* [WHAT IS EXPECTED]: A full, exact copy of the listing is needed, with images omitted.
##### DATA EXTRACT #####
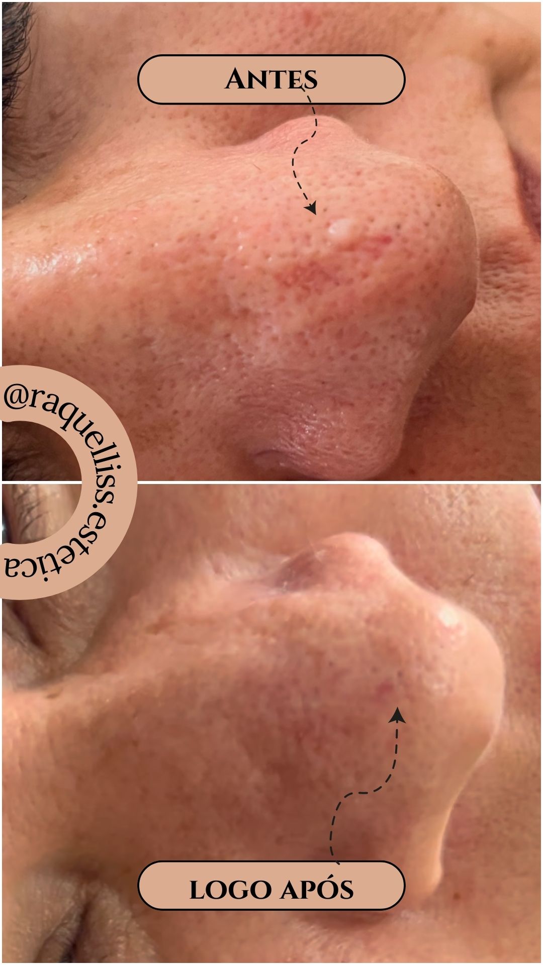 As crostas caem entre 5 e 10 dias, já permitindo observar melhora inicial do aspecto da pele.
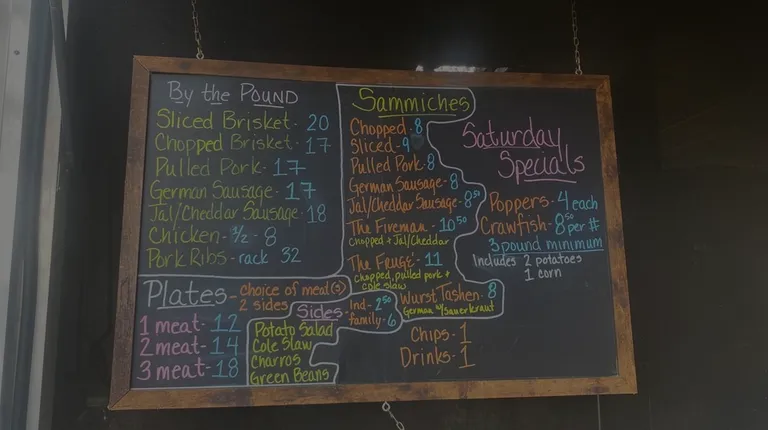 Excellent BBQ!!! We had the chopped brisket sammiches with charro beans and extra BBQ sauce. So good we took our aunt the next day for lunch so hubby & aunt had the chopped brisket sammich with charro beans and I had the jalapeño sausage. Excellent again!! Went back Saturday for his crawfish and aunt wanted to take a few of his chopped brisket sammiches home! Highly recommend :)
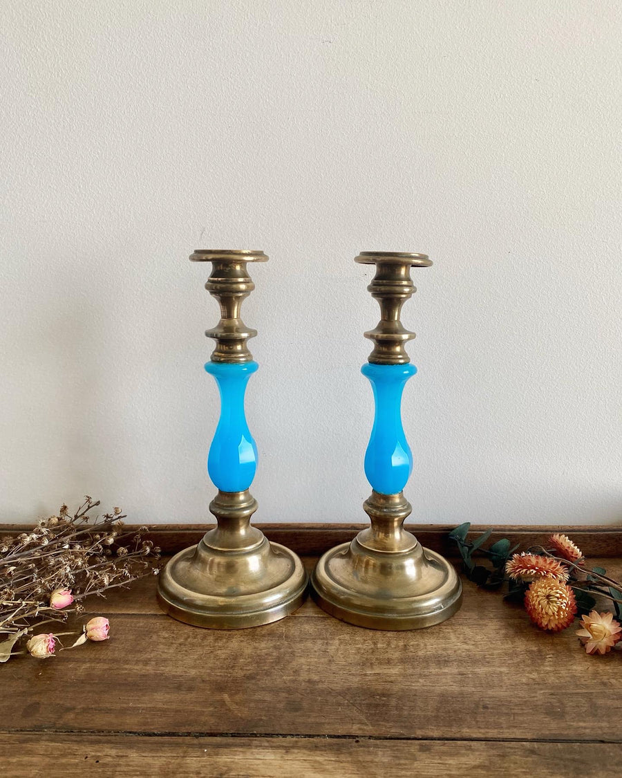 Bougeoirs en laiton avec leur élégant manche bleu en opaline
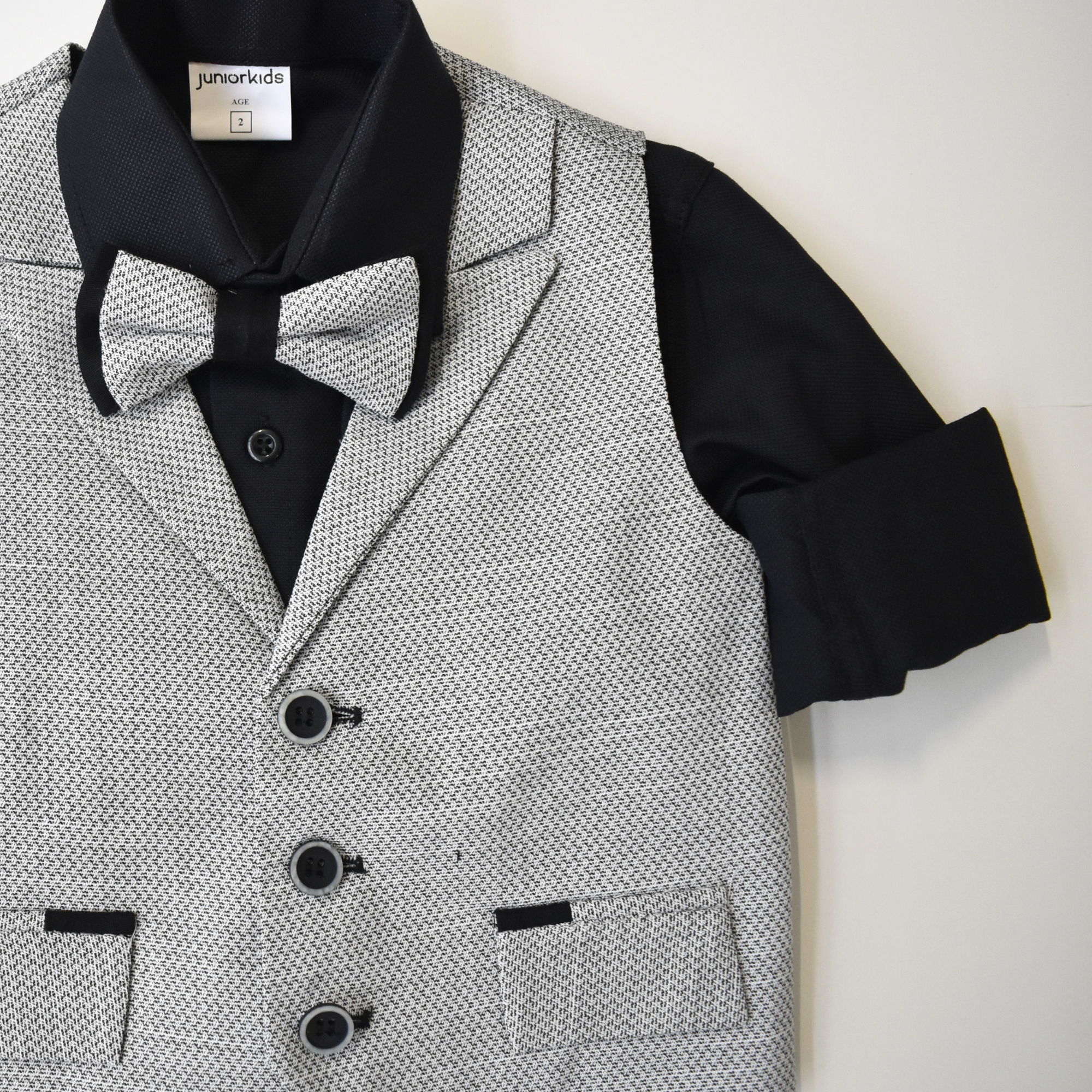 Habillez votre petit gentleman avec élégance grâce à cet ensemble raffiné. Idéal pour les occasions spéciales ou un look chic au quotidien, cet ensemble comprend :
#####
* [TASK RESULT]:
 As crostas caem entre 5 e 10 dias, já permitindo observar melhora inicial do aspecto da pele.
 Excellent BBQ!!! We had the chopped brisket sammiches with charro beans and extra BBQ sauce. So good we took our aunt the next day for lunch so hubby & aunt had the chopped brisket sammich with charro beans and I had the jalapeño sausage. Excellent again!! Went back Saturday for his crawfish and aunt wanted to take a few of his chopped brisket sammiches home! Highly recommend :)
 Bougeoirs en laiton avec leur élégant manche bleu en opaline
 Habillez votre petit gentleman avec élégance grâce à cet ensemble raffiné. Idéal pour les occasions spéciales ou un look chic au quotidien, cet ensemble comprend :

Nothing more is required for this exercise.